2 In afwijking van het eerste lid kan de overtreding niet met een bestuurlijke boete worden afgedaan, indien de overtreding opzettelijk of roekeloos geschiedt en een direct gevaar voor de gezondheid of de veiligheid van personen tot gevolg heeft.
Besluit kwaliteit kinderopvang
Artikel 3. Pedagogisch beleid
[…]
3. Indien van toepassing bevat het pedagogisch beleidsplan, in aanvulling op het tweede lid, tevens een concrete beschrijving van:
a.de tijden waarop, met inachtneming van artikel 7, vierde lid, kan worden afgeweken van artikel 7, tweede lid, alsmede de tijden waarop in ieder geval niet daarvan wordt afgeweken en derhalve wordt voldaan aan artikel 7, tweede lid;
[…]
Artikel 7. Aantal beroepskrachten
1. Het minimaal aantal in te zetten beroepskrachten op een stamgroep wordt afgestemd op het aantal aanwezige kinderen in de stamgroep, waarbij naarmate de kinderen ouder zijn, minder beroepskrachten hoeven te worden ingezet.

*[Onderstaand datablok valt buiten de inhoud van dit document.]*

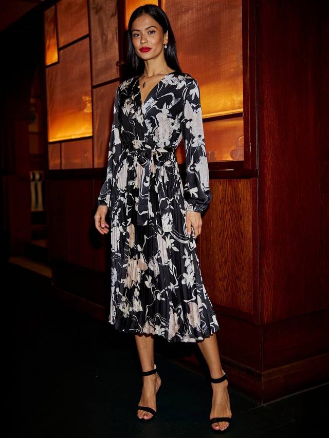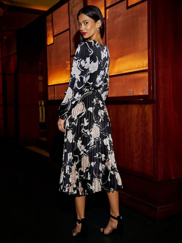 Это облегающее платье из роскошного атласа идеально подходит для торжественных случаев в любое время года. Длинные рукава, завязывающийся пояс и оборка на шее – этот потрясающий дизайн излучает элегантность. Плиссированная юбка добавляет платью подвижности и делает его невероятно привлекательным.
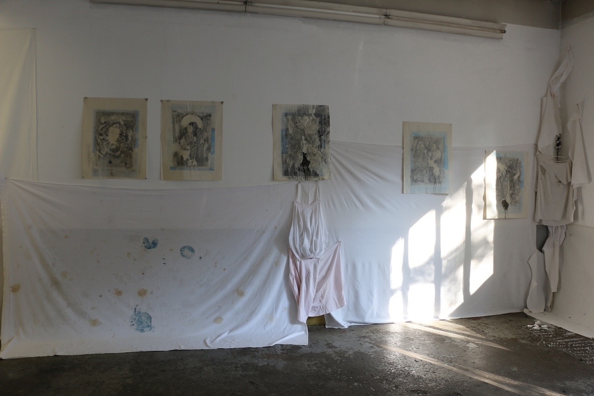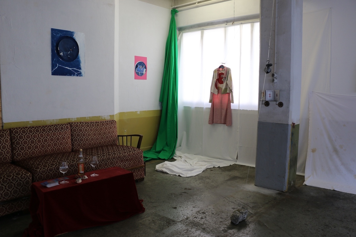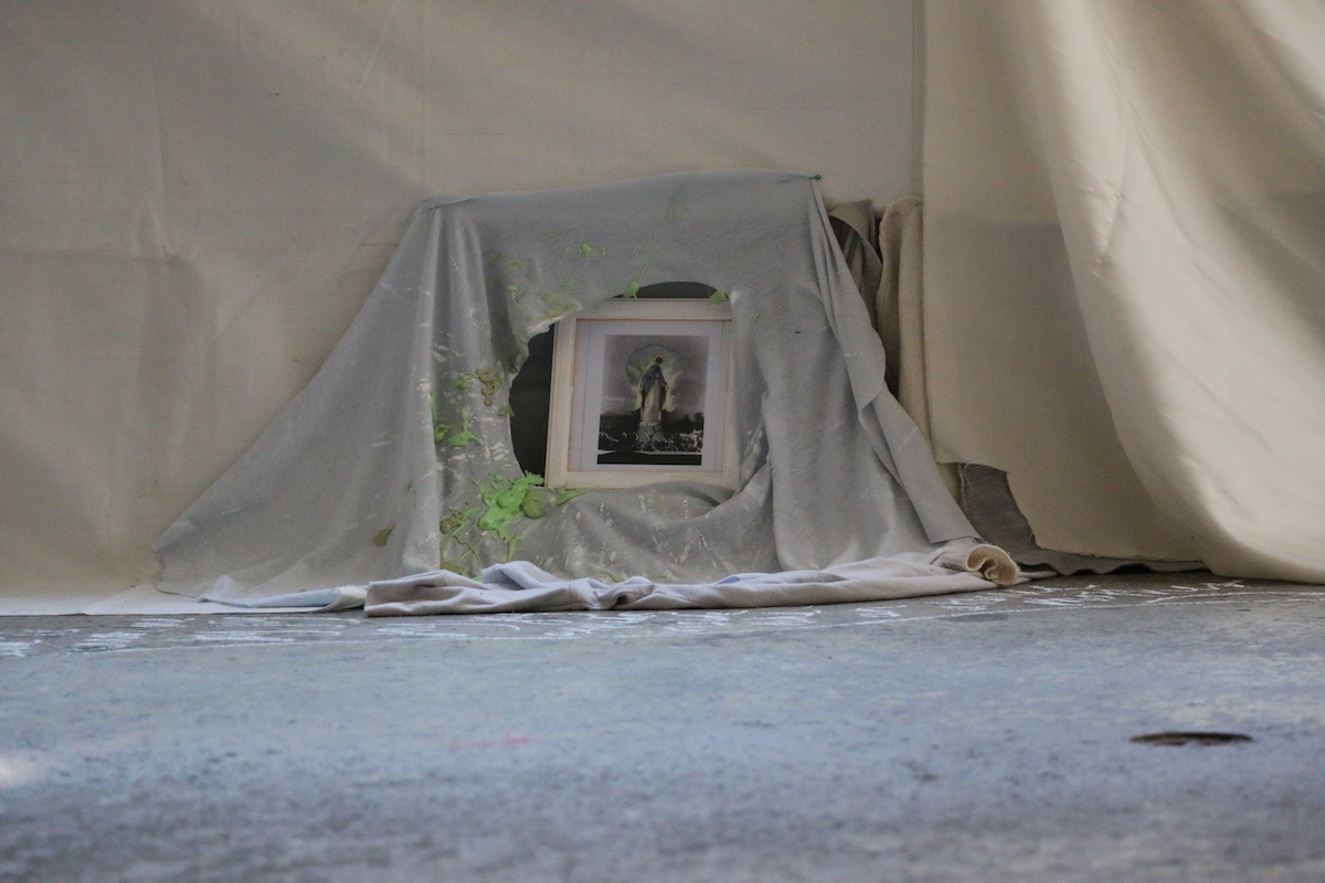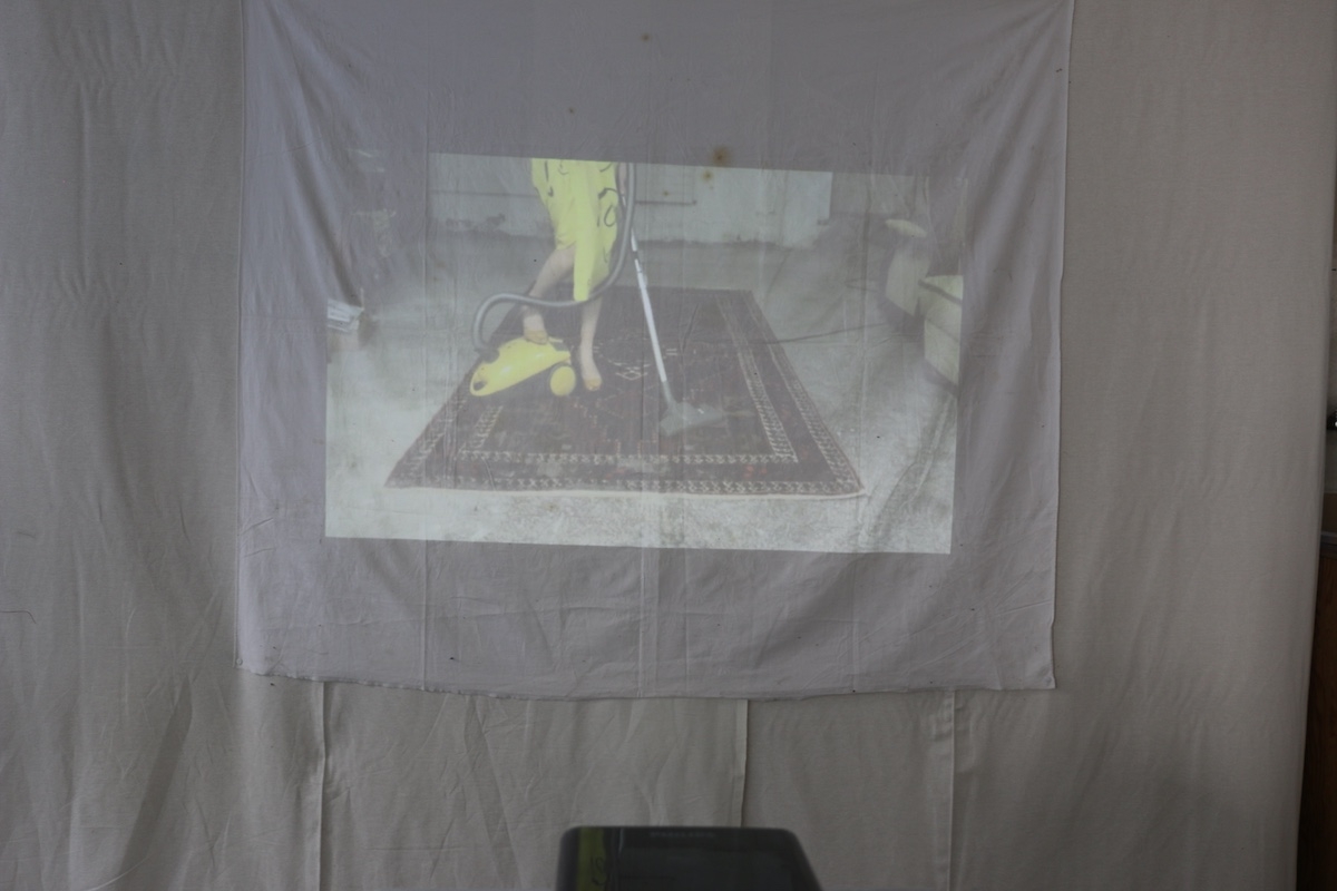 └── Materials: cloth, objects, drawings, dust, glass, cleaning cloth, stains, dirt, plaster, chalk, paper, pencil, video projection, table cloth. Parents as performers, works on paper.
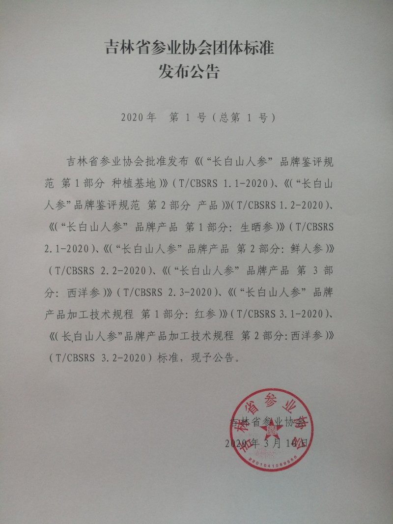 以上為吉林省參業協會批準發布《(“長白山人參”品牌產品 第3部分:西洋參)》等團體標準發布公告(2020年第1號)的檢測服務介紹,如有其他疑問可聯系在線工程師!
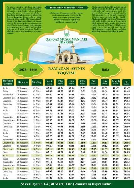 Qafqaz Müsəlmanları İdarəsinin (QMİ) Qazılar Şurasının fətvasına əsasən, müqəddəs Ramazan ayının ilk günü martın 1-nə təsadüf edəcək. Orucluğun başa çatması münasibətilə qeyd olunan Fitr bayramı martın 30-31-nə təsadüf edir. Ramazan ayının başlaması və bayram günləri Azərbaycan Milli Elmlər Akademiyasının Şamaxı Astrofizika Rəsədxanasının hesablamaları əsasında müəyyən edilir.

2. De verhouding tussen het minimaal aantal in te zetten beroepskrachten en het aantal aanwezige kinderen in een stamgroep wordt bepaald op grond van tabel 1 in bijlage 1, onderdeel a, bij dit besluit en de daarbij behorende rekenregels. Onze Minister stelt een online rekentool ter beschikking met behulp waarvan de in de eerste zin bedoelde verhouding kan worden berekend.
[…]
4 Indien bij dagopvang per dag ten minste tien aaneengesloten uren opvang wordt geboden, kunnen, in afwijking van het tweede lid, met inachtneming van artikel 3, derde lid, onder a, en vierde lid, voor ten hoogste drie uren per dag minder beroepskrachten worden ingezet, met dien verstande dat gedurende de uren dat minder beroepskrachten worden ingezet ten minste de helft van het aantal beroepskrachten, vereist op grond van het tweede lid, wordt ingezet. De in de eerste zin bedoelde afwijkende inzet kan op de dagen van de week verschillen, zij het dat de afwijkende inzet niet per week verschilt.

Voetnoten

1.zie de uitspraak van de Afdeling bestuursrechtspraak van de Raad van State (ABRvS) van 1 maart 2017 (ECLI:NL:RVS:2017:530)
2.ABRvS van 30 mei 2018, (ECLI:NL:RVS:2018:1729) en (ECLI:NL:RVSS:2018:1730).